What you are asked to do: From the entries below, copy exactly the lines from the one that contains "El presidente del" through the one that contains "Музикален плейър за", both included, and only those.

Raw data:
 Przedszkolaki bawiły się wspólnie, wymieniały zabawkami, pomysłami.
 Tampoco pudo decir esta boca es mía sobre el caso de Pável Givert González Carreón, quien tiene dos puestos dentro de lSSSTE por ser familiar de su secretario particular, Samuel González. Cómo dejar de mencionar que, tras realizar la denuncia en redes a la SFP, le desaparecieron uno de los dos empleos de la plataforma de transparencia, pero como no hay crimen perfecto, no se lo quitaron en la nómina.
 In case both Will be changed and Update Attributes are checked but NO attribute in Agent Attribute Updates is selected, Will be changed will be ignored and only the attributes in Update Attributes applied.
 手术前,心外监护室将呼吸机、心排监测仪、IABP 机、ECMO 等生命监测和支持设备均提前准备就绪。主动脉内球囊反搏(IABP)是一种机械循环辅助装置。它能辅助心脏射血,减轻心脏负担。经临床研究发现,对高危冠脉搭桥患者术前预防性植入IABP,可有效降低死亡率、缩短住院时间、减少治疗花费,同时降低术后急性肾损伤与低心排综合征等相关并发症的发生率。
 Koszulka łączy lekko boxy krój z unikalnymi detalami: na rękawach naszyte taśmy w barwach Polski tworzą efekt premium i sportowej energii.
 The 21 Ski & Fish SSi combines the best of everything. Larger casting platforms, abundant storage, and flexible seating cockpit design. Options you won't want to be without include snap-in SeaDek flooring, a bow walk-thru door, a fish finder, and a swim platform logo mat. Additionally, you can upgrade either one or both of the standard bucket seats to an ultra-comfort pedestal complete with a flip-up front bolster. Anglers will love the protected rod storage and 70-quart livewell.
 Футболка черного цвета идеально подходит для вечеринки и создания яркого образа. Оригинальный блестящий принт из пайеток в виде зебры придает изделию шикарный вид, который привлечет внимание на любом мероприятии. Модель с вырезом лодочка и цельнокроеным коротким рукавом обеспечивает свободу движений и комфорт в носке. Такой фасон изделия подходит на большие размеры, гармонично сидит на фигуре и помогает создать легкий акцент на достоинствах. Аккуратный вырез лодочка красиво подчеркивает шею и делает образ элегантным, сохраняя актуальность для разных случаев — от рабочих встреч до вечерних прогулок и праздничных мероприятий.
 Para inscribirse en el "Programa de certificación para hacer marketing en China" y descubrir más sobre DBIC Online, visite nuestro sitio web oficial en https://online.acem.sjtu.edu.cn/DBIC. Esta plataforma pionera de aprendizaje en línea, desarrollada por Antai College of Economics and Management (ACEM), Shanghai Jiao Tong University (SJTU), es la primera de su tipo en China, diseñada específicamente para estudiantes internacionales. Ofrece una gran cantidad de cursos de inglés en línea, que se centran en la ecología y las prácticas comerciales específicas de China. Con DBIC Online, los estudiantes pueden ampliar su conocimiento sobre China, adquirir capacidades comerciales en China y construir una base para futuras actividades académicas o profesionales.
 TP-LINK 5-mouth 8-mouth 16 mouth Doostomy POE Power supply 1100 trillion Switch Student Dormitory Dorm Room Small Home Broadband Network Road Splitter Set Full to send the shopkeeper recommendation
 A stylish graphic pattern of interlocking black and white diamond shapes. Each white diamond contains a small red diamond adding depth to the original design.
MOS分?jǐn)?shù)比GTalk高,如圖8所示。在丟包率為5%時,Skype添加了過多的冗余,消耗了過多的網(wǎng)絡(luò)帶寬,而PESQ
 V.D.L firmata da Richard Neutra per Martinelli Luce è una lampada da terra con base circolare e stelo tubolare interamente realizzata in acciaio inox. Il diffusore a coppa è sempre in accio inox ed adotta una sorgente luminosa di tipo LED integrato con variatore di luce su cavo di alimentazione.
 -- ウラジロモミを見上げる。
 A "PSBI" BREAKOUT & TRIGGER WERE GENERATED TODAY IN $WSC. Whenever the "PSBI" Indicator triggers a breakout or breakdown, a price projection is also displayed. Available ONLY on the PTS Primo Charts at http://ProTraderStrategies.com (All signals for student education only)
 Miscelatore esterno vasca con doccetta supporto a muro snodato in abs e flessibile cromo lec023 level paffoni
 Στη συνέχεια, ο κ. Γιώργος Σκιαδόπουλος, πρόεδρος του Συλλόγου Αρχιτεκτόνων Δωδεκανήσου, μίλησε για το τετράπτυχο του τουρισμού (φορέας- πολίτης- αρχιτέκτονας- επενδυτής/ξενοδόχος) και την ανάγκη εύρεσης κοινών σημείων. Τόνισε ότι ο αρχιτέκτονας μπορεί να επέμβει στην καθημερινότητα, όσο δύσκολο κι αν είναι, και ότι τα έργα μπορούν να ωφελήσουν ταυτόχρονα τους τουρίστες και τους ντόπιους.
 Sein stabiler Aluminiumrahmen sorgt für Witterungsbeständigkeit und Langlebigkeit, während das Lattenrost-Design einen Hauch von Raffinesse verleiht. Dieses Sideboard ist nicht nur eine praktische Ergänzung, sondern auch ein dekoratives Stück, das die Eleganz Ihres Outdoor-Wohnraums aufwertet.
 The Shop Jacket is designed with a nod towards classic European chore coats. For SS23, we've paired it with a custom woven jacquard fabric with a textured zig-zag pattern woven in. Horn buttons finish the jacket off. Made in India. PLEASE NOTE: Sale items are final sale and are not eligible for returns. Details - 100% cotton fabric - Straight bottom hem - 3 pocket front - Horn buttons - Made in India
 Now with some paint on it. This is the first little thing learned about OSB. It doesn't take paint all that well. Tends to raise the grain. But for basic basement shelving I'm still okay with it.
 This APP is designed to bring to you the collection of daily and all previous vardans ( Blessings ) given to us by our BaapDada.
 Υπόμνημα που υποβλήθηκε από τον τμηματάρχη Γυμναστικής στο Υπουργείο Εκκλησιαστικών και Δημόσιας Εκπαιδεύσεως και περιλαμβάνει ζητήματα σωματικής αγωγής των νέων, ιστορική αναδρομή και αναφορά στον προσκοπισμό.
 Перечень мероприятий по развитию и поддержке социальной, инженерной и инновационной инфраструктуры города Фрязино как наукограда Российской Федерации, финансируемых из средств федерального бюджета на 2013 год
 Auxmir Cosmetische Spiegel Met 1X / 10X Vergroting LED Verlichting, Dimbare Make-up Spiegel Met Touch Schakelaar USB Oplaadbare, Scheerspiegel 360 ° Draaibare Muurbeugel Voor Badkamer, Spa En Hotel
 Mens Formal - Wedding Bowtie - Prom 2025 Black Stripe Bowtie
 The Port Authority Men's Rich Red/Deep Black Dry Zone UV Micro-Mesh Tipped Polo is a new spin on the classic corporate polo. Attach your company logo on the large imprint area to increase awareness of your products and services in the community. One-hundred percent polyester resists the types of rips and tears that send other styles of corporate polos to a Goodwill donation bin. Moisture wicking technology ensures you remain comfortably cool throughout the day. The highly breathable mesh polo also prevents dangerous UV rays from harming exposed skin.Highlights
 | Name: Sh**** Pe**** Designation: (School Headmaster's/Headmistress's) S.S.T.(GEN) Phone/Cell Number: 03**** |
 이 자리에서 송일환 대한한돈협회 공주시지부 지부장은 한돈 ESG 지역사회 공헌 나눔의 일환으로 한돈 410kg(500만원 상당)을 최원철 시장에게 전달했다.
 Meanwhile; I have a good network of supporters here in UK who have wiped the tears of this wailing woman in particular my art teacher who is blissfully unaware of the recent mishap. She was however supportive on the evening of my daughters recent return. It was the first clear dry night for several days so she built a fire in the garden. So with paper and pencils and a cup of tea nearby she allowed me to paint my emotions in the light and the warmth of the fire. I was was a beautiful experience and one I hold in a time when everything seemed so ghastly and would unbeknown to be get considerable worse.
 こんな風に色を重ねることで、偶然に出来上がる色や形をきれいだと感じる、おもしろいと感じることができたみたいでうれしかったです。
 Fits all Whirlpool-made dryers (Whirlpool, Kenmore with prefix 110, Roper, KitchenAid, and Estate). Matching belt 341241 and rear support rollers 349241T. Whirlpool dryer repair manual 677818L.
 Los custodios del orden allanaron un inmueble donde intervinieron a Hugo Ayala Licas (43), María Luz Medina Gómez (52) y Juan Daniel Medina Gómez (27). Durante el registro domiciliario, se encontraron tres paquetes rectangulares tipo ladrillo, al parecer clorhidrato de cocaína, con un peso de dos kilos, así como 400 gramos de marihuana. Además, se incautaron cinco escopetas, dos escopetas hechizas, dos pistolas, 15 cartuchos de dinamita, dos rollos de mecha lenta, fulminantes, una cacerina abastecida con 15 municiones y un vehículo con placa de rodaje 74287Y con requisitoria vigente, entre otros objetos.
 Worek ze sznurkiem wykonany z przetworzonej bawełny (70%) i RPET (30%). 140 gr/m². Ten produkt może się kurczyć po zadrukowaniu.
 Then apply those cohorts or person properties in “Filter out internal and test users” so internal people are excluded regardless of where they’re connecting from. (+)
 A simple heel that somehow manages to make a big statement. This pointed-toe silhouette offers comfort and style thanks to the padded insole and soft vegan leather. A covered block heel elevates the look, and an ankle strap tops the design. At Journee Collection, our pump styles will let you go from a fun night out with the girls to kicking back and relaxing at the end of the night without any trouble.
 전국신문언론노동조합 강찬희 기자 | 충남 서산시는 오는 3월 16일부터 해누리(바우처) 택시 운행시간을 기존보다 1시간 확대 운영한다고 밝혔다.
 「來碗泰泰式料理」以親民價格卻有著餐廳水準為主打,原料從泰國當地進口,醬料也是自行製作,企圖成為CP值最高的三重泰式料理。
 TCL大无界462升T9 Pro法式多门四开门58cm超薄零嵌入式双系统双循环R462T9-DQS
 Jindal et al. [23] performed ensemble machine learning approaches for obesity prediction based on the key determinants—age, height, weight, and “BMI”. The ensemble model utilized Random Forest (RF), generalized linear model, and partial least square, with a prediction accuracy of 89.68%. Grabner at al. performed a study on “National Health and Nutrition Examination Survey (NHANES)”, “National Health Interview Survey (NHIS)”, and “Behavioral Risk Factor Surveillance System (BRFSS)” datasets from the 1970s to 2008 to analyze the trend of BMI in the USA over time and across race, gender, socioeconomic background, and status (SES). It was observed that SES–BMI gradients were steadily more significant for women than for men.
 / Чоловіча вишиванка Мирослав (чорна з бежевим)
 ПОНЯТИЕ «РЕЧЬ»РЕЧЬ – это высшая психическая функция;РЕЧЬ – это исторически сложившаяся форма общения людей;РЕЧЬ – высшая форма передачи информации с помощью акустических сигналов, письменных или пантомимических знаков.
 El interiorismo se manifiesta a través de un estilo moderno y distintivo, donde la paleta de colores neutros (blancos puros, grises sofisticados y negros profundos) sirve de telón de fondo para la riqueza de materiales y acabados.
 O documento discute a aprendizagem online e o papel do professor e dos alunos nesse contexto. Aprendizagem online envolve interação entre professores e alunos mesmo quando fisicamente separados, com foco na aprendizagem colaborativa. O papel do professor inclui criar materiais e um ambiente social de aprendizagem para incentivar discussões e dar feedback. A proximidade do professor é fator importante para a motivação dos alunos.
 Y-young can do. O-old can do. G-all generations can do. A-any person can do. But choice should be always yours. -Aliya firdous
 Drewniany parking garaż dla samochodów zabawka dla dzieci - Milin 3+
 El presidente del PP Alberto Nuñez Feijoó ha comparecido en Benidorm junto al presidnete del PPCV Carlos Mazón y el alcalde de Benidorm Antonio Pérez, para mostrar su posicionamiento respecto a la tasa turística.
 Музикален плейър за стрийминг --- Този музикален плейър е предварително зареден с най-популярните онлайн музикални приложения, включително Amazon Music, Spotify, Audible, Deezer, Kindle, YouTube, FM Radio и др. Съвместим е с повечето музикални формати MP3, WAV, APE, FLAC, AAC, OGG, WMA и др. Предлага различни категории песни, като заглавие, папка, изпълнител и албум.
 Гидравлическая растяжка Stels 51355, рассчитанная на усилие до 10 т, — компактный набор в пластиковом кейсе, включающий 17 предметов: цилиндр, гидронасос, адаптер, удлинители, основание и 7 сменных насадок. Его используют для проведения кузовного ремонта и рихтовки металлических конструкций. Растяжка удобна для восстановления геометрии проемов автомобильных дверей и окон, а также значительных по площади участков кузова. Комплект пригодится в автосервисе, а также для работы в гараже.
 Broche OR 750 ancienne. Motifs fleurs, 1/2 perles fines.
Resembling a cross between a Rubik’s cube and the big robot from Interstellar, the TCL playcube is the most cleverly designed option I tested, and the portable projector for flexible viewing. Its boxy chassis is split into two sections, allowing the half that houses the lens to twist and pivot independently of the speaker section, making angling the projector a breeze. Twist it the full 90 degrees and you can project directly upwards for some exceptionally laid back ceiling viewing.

Response to this exercise:
 El presidente del PP Alberto Nuñez Feijoó ha comparecido en Benidorm junto al presidnete del PPCV Carlos Mazón y el alcalde de Benidorm Antonio Pérez, para mostrar su posicionamiento respecto a la tasa turística.
 Музикален плейър за стрийминг --- Този музикален плейър е предварително зареден с най-популярните онлайн музикални приложения, включително Amazon Music, Spotify, Audible, Deezer, Kindle, YouTube, FM Radio и др. Съвместим е с повечето музикални формати MP3, WAV, APE, FLAC, AAC, OGG, WMA и др. Предлага различни категории песни, като заглавие, папка, изпълнител и албум.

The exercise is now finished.